Data listing
--

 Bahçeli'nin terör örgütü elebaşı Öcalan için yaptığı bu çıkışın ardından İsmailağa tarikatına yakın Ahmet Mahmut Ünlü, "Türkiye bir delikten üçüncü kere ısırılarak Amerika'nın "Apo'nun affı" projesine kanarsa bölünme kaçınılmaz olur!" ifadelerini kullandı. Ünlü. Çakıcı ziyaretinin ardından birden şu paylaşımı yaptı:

--

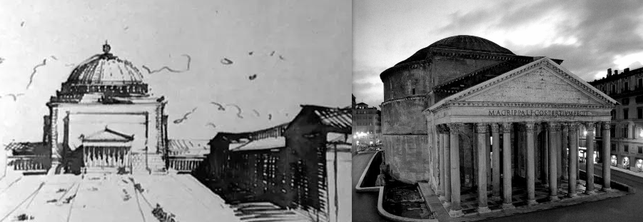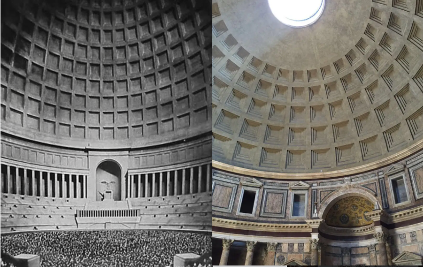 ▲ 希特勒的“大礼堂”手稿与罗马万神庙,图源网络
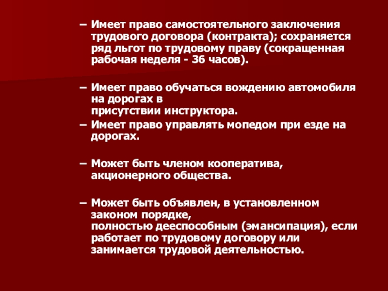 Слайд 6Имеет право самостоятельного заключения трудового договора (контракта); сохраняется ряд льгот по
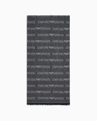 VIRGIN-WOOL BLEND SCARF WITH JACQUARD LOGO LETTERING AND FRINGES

--

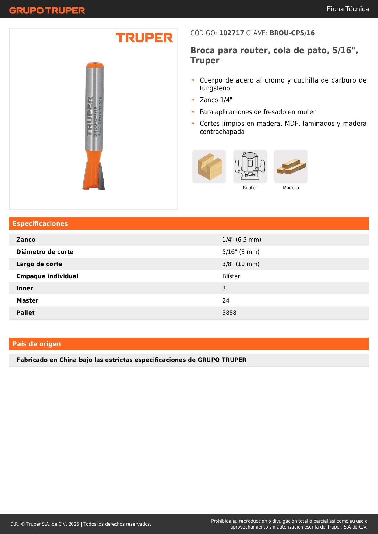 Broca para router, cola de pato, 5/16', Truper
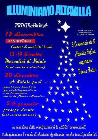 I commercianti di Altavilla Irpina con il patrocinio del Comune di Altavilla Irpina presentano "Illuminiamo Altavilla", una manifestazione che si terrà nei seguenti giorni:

--

Your objective
Though the entries above contain pictures, none should be copied; reproduce only the lines between the one holding "Слайд 6Имеет право" and the one holding "VIRGIN-WOOL BLEND SCARF", inclusive, exactly as written.

Exercise output
 Слайд 6Имеет право самостоятельного заключения трудового договора (контракта); сохраняется ряд льгот по
 VIRGIN-WOOL BLEND SCARF WITH JACQUARD LOGO LETTERING AND FRINGES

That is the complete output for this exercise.